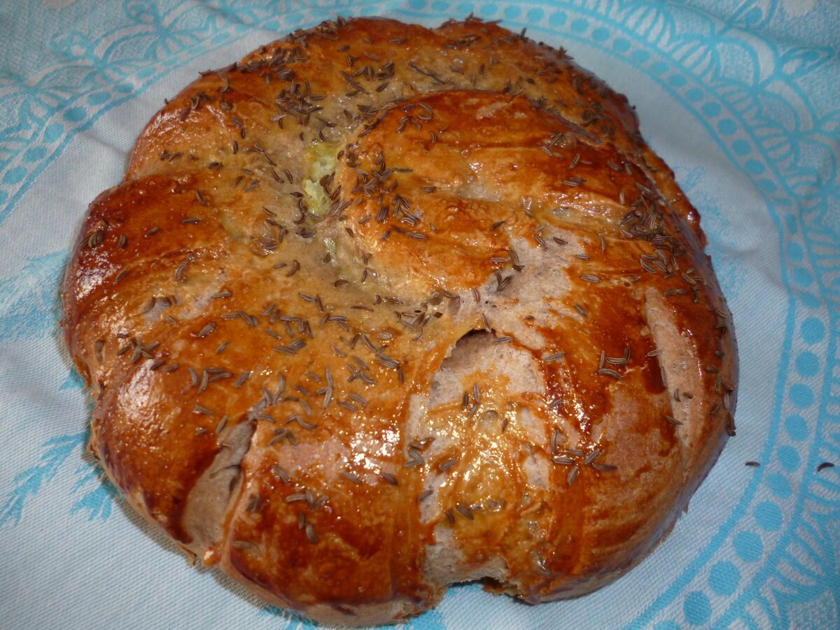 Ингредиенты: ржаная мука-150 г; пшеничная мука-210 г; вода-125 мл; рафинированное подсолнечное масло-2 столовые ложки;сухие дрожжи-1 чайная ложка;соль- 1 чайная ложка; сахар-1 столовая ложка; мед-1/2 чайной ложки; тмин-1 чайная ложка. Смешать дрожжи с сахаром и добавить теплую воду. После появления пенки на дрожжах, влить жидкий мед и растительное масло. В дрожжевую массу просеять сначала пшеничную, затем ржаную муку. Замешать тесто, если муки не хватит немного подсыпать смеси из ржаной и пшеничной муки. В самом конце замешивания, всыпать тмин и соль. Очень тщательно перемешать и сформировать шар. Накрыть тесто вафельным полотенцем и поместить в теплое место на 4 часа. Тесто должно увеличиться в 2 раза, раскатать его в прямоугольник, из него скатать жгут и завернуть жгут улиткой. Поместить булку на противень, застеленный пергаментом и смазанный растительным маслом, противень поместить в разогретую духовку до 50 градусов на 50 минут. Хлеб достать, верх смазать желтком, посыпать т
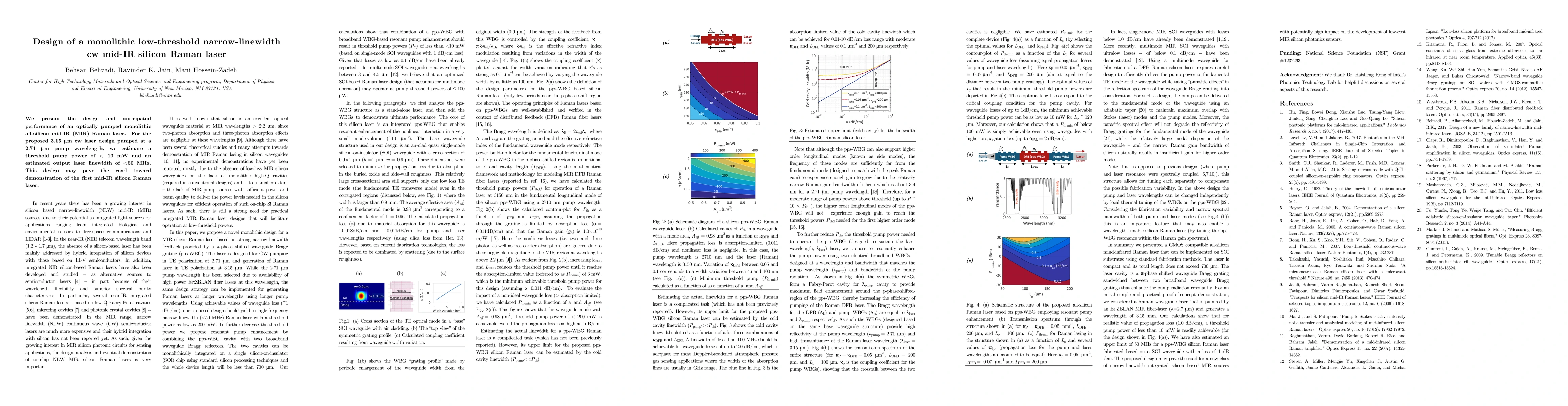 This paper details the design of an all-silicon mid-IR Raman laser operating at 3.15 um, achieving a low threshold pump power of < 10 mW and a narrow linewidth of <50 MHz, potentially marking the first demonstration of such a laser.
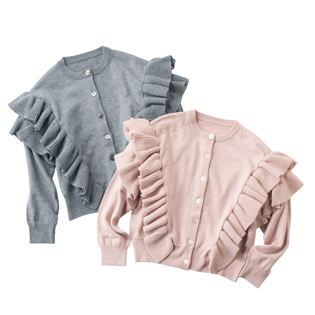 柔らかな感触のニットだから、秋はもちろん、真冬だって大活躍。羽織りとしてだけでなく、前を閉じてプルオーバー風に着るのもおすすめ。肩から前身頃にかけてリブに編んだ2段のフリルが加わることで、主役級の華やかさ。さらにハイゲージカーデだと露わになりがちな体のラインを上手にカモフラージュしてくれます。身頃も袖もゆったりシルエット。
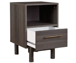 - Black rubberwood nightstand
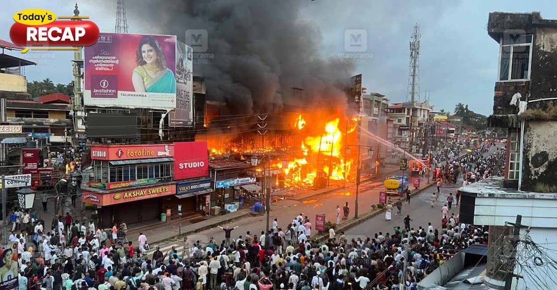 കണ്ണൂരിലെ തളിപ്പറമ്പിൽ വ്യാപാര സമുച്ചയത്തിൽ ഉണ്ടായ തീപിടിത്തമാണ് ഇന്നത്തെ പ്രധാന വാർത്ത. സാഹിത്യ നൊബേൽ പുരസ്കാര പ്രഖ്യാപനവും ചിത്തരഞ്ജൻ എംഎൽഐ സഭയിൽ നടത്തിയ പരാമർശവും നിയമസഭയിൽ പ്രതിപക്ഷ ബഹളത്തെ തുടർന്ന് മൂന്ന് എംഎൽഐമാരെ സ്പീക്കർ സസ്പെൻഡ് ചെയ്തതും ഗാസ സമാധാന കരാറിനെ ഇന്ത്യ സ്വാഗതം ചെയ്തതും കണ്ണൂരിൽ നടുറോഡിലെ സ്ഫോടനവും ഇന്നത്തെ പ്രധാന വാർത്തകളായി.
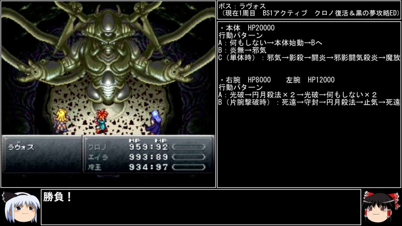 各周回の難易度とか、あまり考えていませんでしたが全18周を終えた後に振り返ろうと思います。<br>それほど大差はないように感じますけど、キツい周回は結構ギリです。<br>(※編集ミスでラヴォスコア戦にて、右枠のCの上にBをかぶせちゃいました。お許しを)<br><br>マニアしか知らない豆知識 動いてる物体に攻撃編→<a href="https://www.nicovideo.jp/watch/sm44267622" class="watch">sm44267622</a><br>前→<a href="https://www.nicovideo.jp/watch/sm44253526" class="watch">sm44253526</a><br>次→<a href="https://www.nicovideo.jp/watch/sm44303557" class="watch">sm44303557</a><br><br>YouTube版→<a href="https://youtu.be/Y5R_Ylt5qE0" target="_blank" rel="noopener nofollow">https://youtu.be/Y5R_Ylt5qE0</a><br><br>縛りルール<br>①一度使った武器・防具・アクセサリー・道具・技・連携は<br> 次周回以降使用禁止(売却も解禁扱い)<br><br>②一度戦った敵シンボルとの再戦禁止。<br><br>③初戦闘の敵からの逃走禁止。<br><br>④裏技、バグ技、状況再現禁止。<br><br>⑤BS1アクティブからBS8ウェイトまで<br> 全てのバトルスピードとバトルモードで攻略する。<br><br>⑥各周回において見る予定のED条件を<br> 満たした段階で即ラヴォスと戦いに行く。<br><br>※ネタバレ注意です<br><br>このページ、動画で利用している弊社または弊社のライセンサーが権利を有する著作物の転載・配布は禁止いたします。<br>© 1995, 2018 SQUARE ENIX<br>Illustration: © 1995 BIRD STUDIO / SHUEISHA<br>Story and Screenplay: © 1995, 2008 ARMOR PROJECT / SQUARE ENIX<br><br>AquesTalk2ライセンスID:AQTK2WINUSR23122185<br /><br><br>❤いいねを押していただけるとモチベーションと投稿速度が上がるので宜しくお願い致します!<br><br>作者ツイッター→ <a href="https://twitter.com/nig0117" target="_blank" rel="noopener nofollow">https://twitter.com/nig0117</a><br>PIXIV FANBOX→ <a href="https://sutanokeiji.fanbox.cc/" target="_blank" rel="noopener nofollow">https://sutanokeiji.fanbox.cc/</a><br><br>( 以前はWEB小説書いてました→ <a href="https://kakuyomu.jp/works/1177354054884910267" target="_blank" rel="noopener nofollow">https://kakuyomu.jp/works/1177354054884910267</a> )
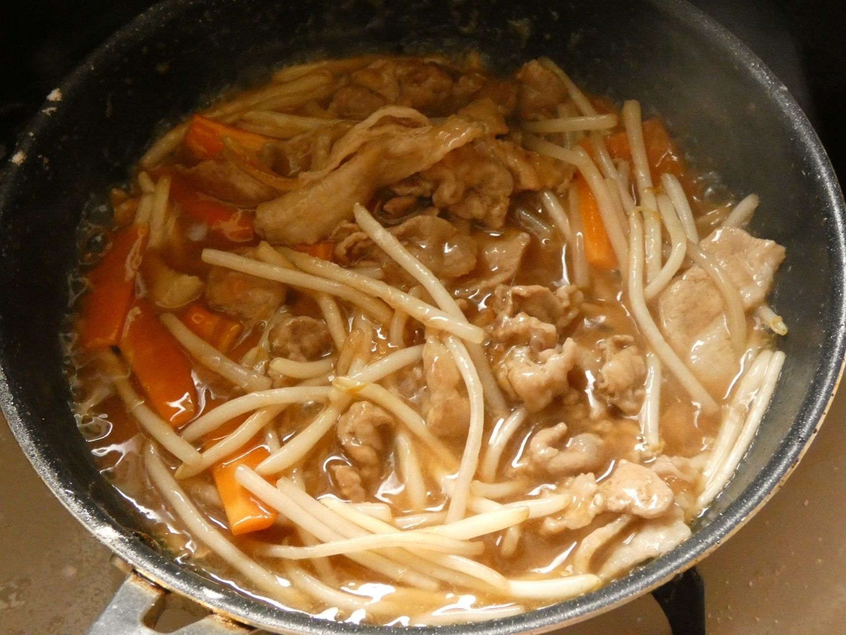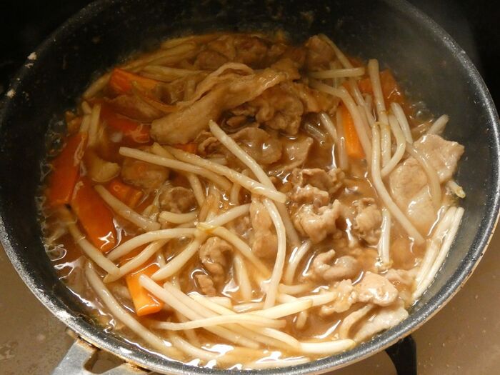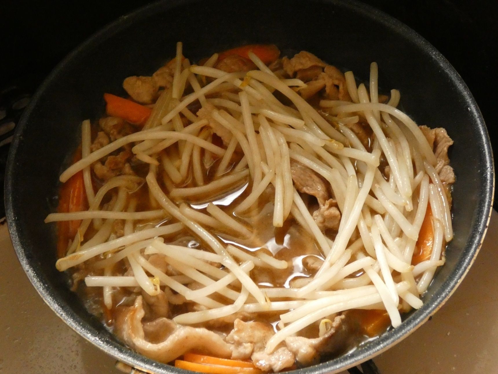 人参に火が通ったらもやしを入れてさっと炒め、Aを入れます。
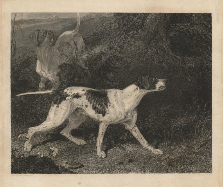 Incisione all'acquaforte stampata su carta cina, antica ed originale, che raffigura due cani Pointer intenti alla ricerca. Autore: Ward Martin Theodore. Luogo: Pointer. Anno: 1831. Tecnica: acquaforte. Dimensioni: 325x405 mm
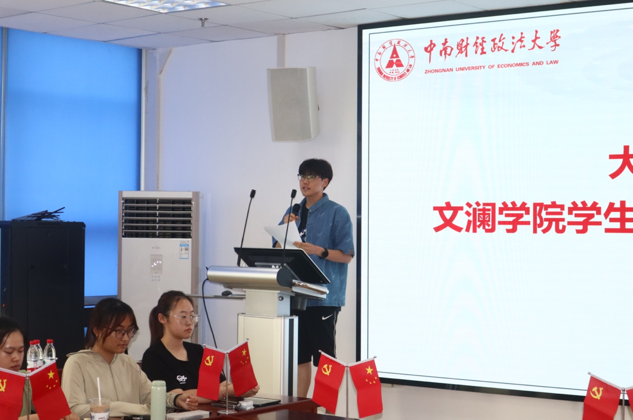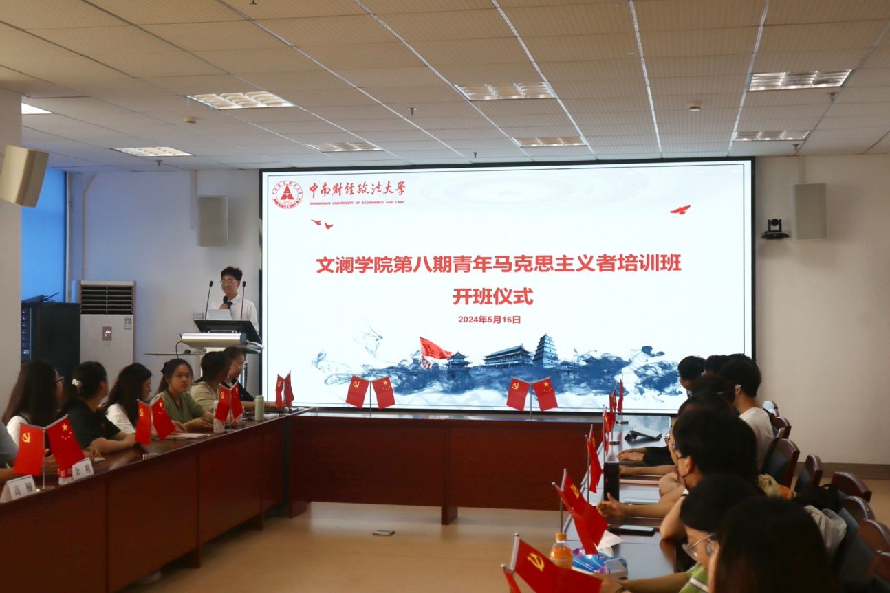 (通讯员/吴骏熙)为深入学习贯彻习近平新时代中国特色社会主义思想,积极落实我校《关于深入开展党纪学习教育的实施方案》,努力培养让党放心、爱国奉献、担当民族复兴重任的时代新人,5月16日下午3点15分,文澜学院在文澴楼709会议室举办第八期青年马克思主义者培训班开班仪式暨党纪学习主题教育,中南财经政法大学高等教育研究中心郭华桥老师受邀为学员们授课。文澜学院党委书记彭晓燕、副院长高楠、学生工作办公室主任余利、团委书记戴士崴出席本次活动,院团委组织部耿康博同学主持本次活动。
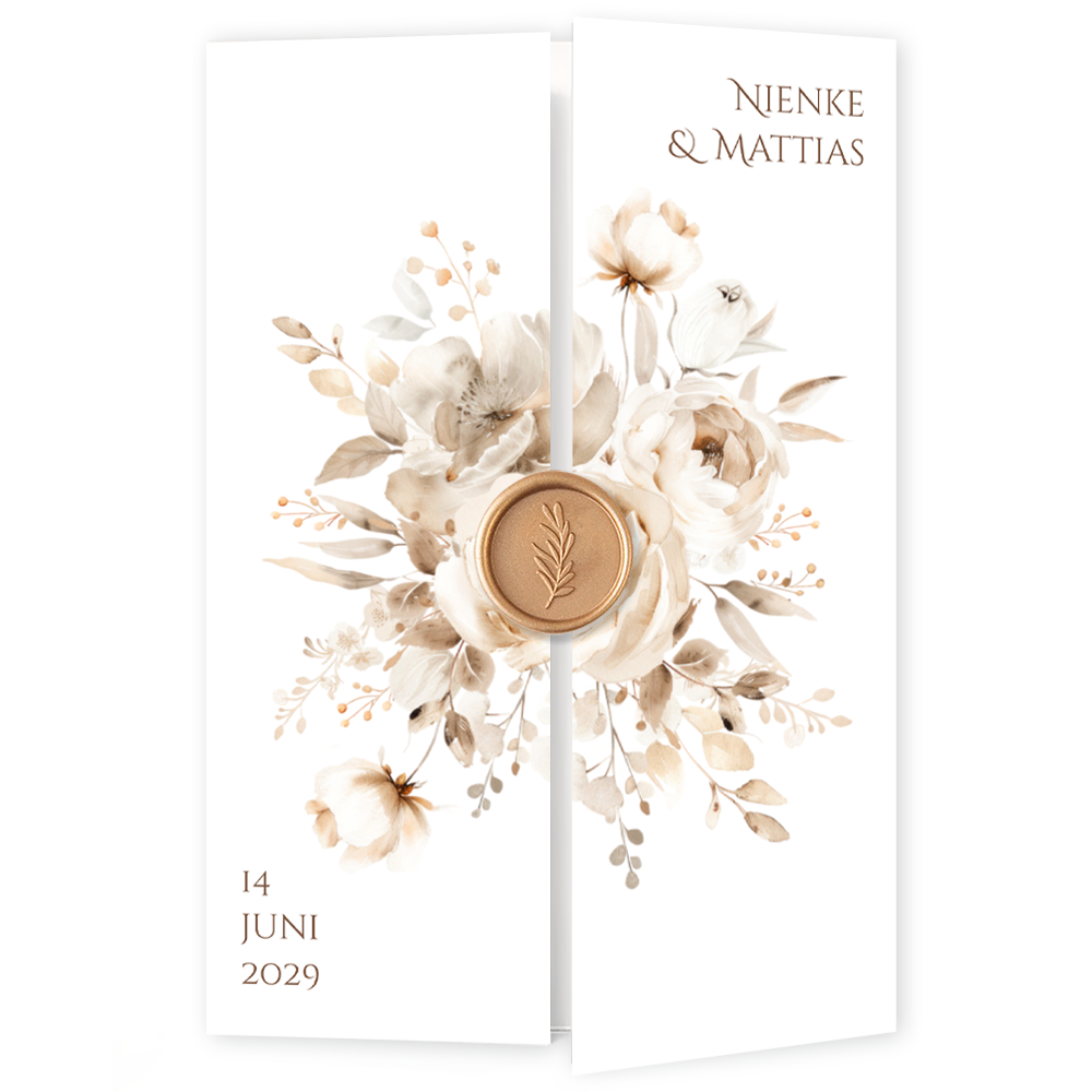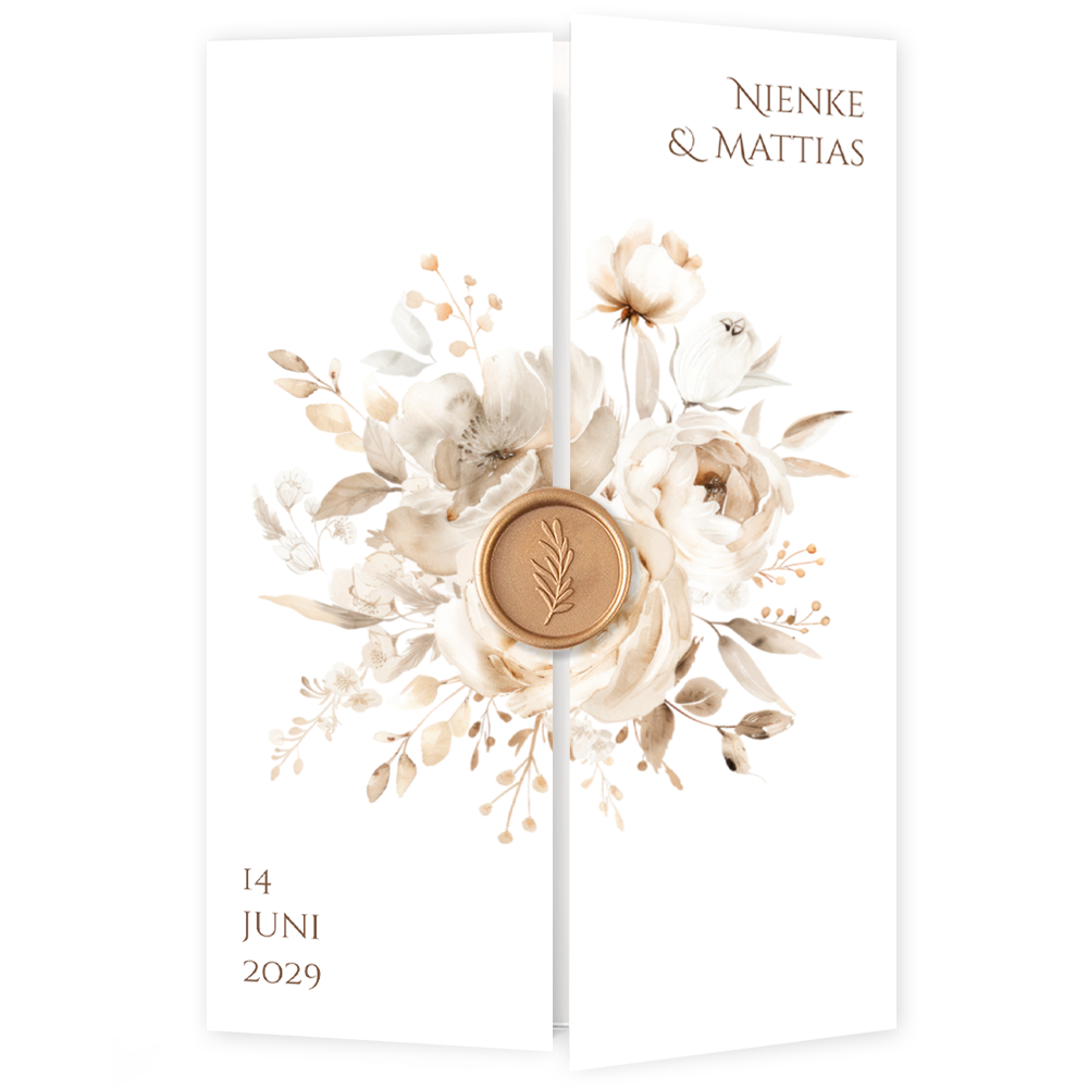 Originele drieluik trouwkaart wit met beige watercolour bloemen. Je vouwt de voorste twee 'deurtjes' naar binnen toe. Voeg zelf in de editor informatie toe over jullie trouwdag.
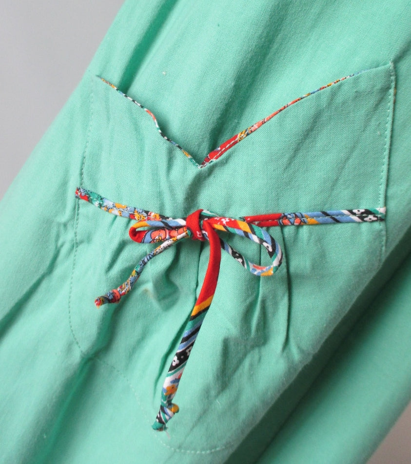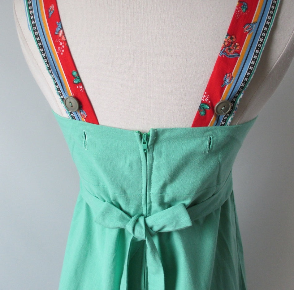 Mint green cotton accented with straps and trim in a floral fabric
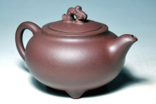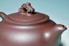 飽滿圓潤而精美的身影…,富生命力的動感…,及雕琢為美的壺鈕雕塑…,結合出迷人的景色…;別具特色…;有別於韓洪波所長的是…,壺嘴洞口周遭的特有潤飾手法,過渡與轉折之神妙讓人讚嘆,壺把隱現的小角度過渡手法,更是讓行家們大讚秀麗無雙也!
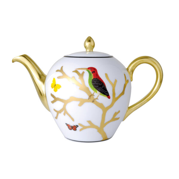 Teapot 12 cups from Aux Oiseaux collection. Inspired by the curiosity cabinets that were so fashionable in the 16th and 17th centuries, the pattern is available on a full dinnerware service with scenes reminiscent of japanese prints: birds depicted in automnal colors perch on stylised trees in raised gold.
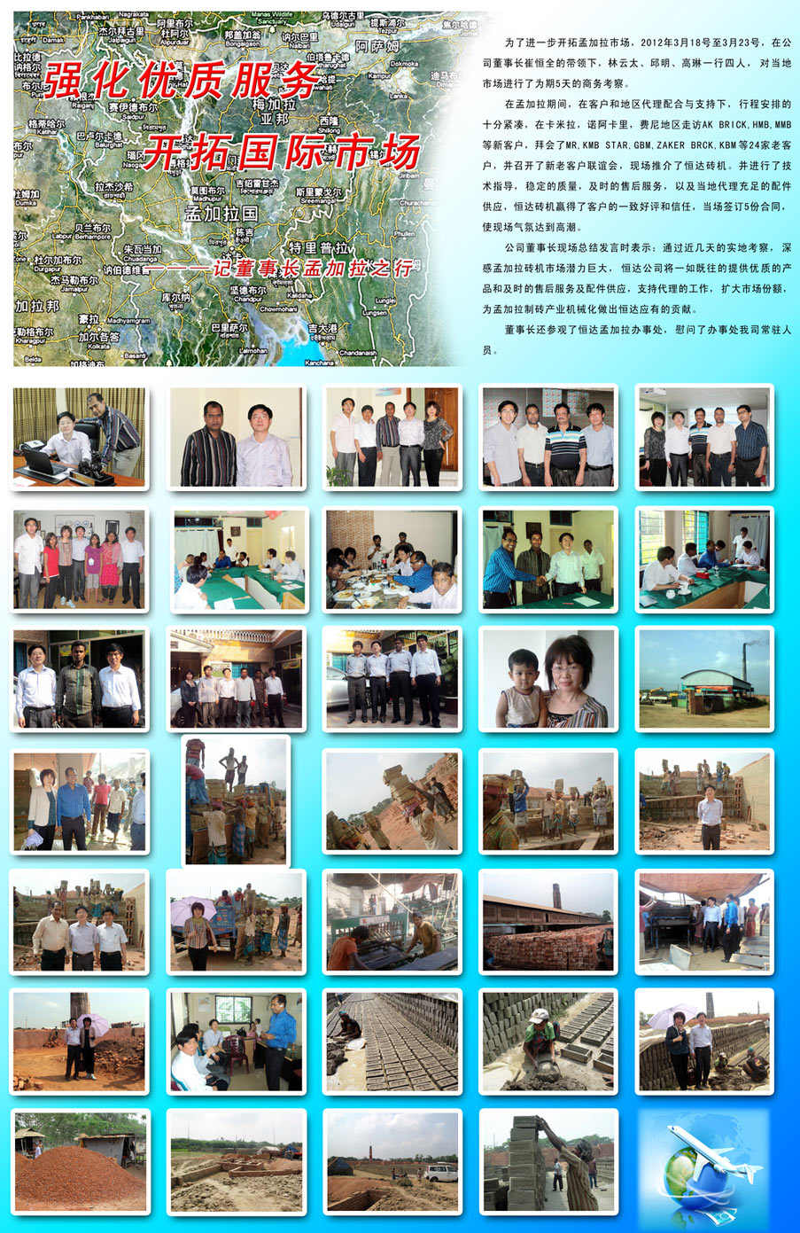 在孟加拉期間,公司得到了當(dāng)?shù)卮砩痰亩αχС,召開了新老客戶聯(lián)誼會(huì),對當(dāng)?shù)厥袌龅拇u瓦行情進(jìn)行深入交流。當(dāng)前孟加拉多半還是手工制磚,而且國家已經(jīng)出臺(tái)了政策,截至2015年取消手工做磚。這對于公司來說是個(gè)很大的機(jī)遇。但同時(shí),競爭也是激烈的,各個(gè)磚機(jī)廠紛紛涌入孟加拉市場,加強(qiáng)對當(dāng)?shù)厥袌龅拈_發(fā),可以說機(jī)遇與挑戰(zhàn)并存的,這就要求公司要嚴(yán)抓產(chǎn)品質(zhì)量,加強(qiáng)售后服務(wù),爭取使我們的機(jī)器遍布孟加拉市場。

━━━━━━━━━━━━━━━━━━━━

**TO DO**
Make an exact copy of the lines above, beginning with the line with "(通讯员/吴骏熙)为深入学习" and ending with the line with "飽滿圓潤而精美的身影…,富生", and keep the pictures out of it.

**EXERCISE OUTPUT**
 (通讯员/吴骏熙)为深入学习贯彻习近平新时代中国特色社会主义思想,积极落实我校《关于深入开展党纪学习教育的实施方案》,努力培养让党放心、爱国奉献、担当民族复兴重任的时代新人,5月16日下午3点15分,文澜学院在文澴楼709会议室举办第八期青年马克思主义者培训班开班仪式暨党纪学习主题教育,中南财经政法大学高等教育研究中心郭华桥老师受邀为学员们授课。文澜学院党委书记彭晓燕、副院长高楠、学生工作办公室主任余利、团委书记戴士崴出席本次活动,院团委组织部耿康博同学主持本次活动。
 Originele drieluik trouwkaart wit met beige watercolour bloemen. Je vouwt de voorste twee 'deurtjes' naar binnen toe. Voeg zelf in de editor informatie toe over jullie trouwdag.
 Mint green cotton accented with straps and trim in a floral fabric
 飽滿圓潤而精美的身影…,富生命力的動感…,及雕琢為美的壺鈕雕塑…,結合出迷人的景色…;別具特色…;有別於韓洪波所長的是…,壺嘴洞口周遭的特有潤飾手法,過渡與轉折之神妙讓人讚嘆,壺把隱現的小角度過渡手法,更是讓行家們大讚秀麗無雙也!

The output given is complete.